PRR: Customized Diffusion Models by Image Space Rank Reduction

David S. Hippocampus
Department of Computer Science
Cranberry-Lemon University
Pittsburgh, PA 15213
hippo@cs.cranberry-lemon.edu
Use footnote for providing further information about author (webpage, alternative address)—not for acknowledging funding agencies.

Appendix A Theorem and Proof of PRR

Theorem 1.

For matrix $W$ , the image space of $W$ is a d-dimension vector space $S_{d}$ . If we have matrix $Q=\begin{bmatrix}\vec{q_{1}}\ \vec{q_{2}}\ ...\ \vec{q_{r}}\end{bmatrix}$ with $q_{i}\in S_{d}$ and vectors $q_{i}$ are mutually orthonormal, then $W-QQ^{T}W$ has a (d-r)-dimension image space.

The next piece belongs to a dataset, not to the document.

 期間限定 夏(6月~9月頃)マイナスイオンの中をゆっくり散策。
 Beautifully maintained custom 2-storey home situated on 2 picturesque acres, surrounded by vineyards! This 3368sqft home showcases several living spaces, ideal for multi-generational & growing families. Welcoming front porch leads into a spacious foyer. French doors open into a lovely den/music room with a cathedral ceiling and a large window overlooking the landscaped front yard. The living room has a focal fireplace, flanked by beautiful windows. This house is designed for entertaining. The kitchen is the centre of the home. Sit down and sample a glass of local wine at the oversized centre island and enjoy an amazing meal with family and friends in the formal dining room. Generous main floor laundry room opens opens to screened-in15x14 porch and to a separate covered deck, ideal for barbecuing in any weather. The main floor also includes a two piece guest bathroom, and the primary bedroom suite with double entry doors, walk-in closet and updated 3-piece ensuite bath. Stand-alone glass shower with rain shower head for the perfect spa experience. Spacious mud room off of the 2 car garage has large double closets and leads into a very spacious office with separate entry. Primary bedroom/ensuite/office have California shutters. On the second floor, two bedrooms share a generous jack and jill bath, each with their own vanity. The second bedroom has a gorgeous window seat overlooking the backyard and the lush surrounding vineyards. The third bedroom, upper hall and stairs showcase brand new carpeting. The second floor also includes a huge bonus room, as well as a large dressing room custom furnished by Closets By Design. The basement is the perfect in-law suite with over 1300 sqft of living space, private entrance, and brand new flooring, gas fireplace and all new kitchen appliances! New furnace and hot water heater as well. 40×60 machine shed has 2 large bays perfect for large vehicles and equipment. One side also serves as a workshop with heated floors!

This is actually an intuitive result, and to minimize any potential misleading, we provide a proof here.

Proof

The dimension of the image space of a matrix is same as the dimension of the column space of the matrix.

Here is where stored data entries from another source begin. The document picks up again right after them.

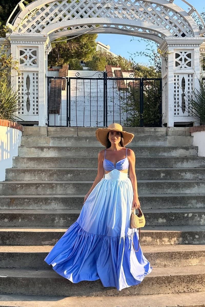 GRADIENT COLOR SUSPENDER LONG DRESS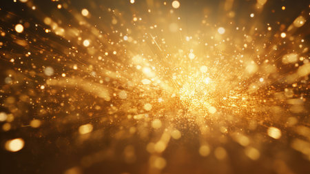 Abstract gold background with glittering particles and bokeh effect.
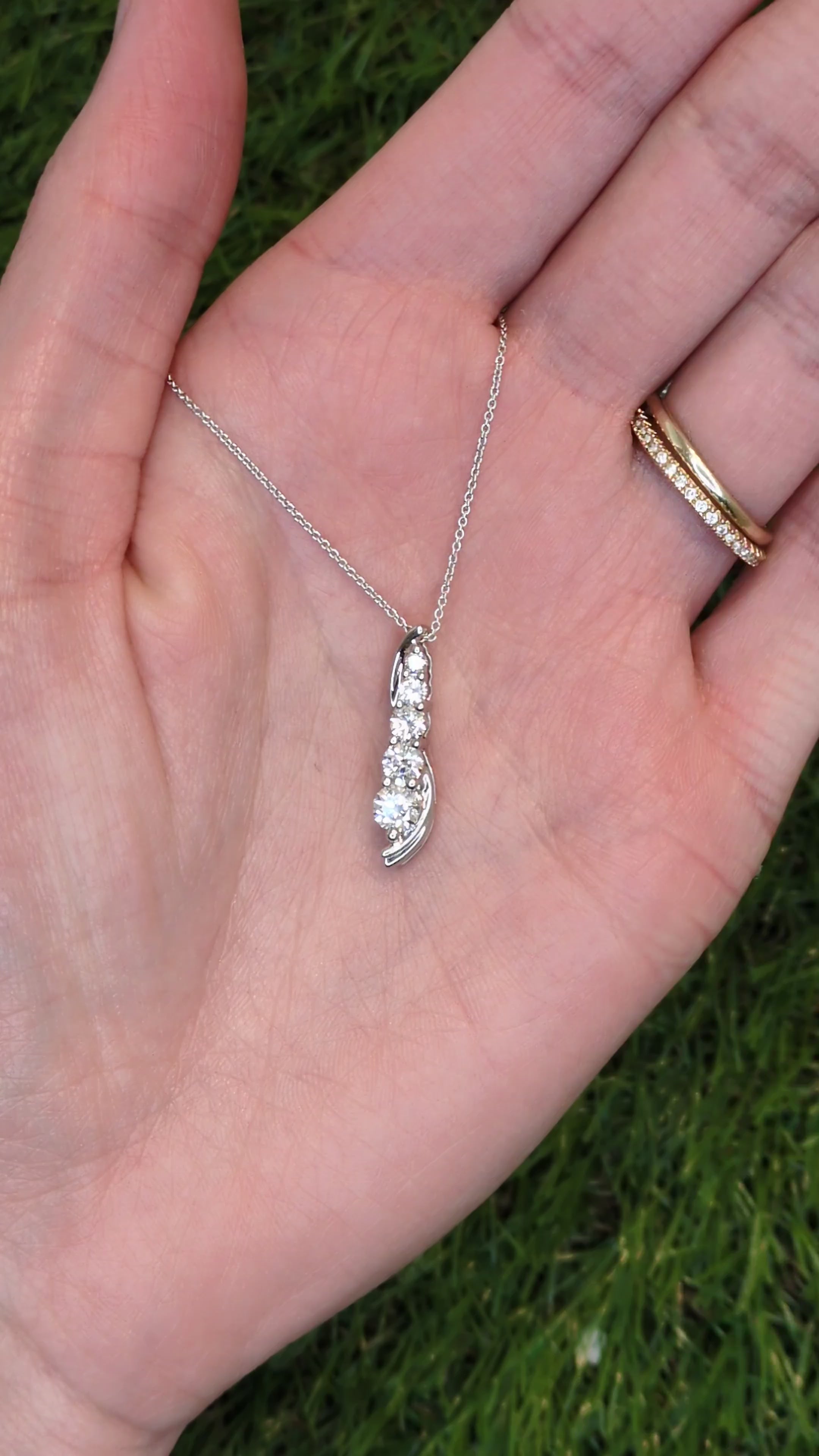 1ctw Graduated Diamond Journey Pendant 14k White Gold

For all column vectors of $Q$ and $W$ , $\{\vec{q}_{1},\vec{q}_{2}...\vec{q}_{r},\vec{w}_{i}\}\in S_{d}$ , we perform the Gram-Schmidt process to obtain an orthonormal basis $\{\vec{q}_{1},\vec{q}_{2}...\vec{q}_{r},\vec{v}_{1},\vec{v}_{2}...\vec{v}_{d-r}\}$ of the image space of $W$ .

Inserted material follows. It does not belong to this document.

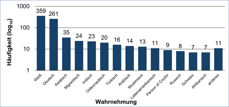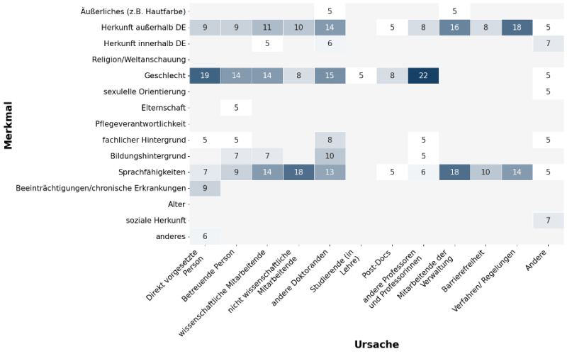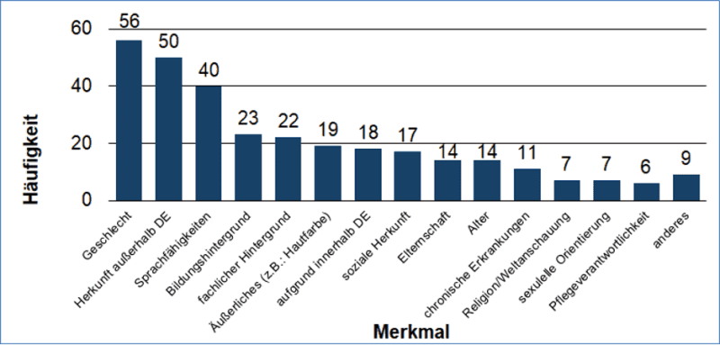 Die Teilnehmenden Personen ordneten ihre Erfahrungen meist, der Diskriminierung aufgrund des Geschlechts, der Diskriminierung aufgrund der Herkunft, Sprachfähigkeit oder Aussehen und der Diskriminierung aufgrund des Bildungshintergrundes und der sozialen Herkunft zu. Elternschaft, Fachlicher Hintergrund, Alter und Herkunft innerhalb Deutschlands zeigen hier eine ungleichmäßige Verteilung.

$W-QQ^{T}W$ transforms each column vector $\vec{w_{i}}$ of $W$ into $\vec{w}_{i}-\sum_{j=1}^{r}(\vec{q}_{j}\cdot\vec{w}_{i})\vec{q}_{j}$ , which is a linear combination of $\{\vec{v}_{1},\vec{v}_{2}...\vec{v}_{d-r}\}$ . Then $W-QQ^{T}W$ has a (d-r)-dimension image space.

Detailed Proof

Assume $W$ is a $b\times k$ matrix. Denote $W-QQ^{T}W$ as $[\vec{u}_{1}\ \vec{u}_{2}...\ \vec{u}_{k}]$ . Denote $W$ as $[\vec{w}_{1}\ \vec{w}_{2}...\ \vec{w}_{k}]$ . Present $W-QQ^{T}W$ in a vector form is

$[\vec{u}_{1}\ \vec{u}_{2}...\ \vec{u}_{k}]=[\vec{w}_{1}\ \vec{w}_{2}...\ \vec{w}_{k}]-[\vec{q}_{1}\ \vec{q}_{2}...\ \vec{q}_{r}]\left[\begin{matrix}\vec{q}_{1}^{T}\\ \vec{q}_{2}^{T}\\ ...\\ \vec{q}_{r}^{T}\\ \end{matrix}\right][\vec{w}_{1}\ \vec{w}_{2}...\ \vec{w}_{k}]$

$=\left[\vec{w}_{1}\ \vec{w}_{2}...\ \vec{w}_{k}\right]-\left[\vec{q}_{1}\ \vec{q}_{2}...\ \vec{q}_{r}\right]\left[\begin{matrix}\vec{q}_{1}^{T}\vec{w}_{1}&\vec{q}_{1}^{T}\vec{w}_{2}&...&\vec{q}_{1}^{T}\vec{w}_{k}\\ \vec{q}_{2}^{T}\vec{w}_{1}&\vec{q}_{2}^{T}\vec{w}_{2}&...&\vec{q}_{2}^{T}\vec{w}_{k}\\ ...&...&...&...\\ \vec{q}_{r}^{T}\vec{w}_{1}&\vec{q}_{r}^{T}\vec{w}_{2}&...&\vec{q}_{r}^{T}\vec{w}_{k}\end{matrix}\right]$

$=\left[\vec{w}_{1}\ \vec{w}_{2}...\ \vec{w}_{k}\right]-\left[\begin{matrix}\sum_{i=1}^{r}\vec{q}_{i}\vec{q}_{i}^{T}\vec{w}_{1}&\sum_{i=1}^{r}\vec{q}_{i}\vec{q}_{i}^{T}\vec{w}_{2}&...&\sum_{i=1}^{r}\vec{q}_{i}\vec{q}_{i}^{T}\vec{w}_{k}\end{matrix}\right]$

For each column, it is $\vec{u}_{j}=\vec{w}_{j}-\sum_{i=1}^{r}\vec{q}_{i}\vec{q}_{i}^{T}\vec{w}_{j}$

The image space of $W$ is a d-dimension vector space $S_{d}$ , then we have $d<b$ and $d<k$ .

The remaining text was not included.